Via Toscana is an Italian restaurant gem, hiding in the corner of the Centennial Center strip mall off Louisville’s McCaslin Boulevard. If you’ve never stopped by for dinner, introduce yourself with a visit for happy hour; hands down one of the best deals in Boulder County for price, variety and quality.
In addition to two dozen delicious happy hour food offerings, Via Toscana has a well-curated cellar of 90 bottled beers and a 500-bottle wine list — most from the key growing regions of Italy, with an assortment of offerings from France, South America and elsewhere around the world included for good measure.

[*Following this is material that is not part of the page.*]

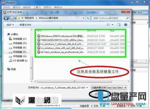 浏览到存放镜像文件的目录,选中该目标文件,点击“打开”按钮

But if you’re in the mood for something that will cleanse your palate from a frustrating day at the office, order up a Strawberry-Lime Martini created by co-owner Krista Castellino. This tequila-based martini includes fresh strawberry with strawberry pucker liqueur and fresh-made, in-house margarita mix (Amaretto, Triple-Sec and lime juice). This combo delivers a tart — almost sour — strawberry splash to the tongue that finishes with a mild sweetness and hint of smoky tequila. This and an assortment of olives is Via Toscana’s flavorful way of putting any kind of workday behind you, pronto.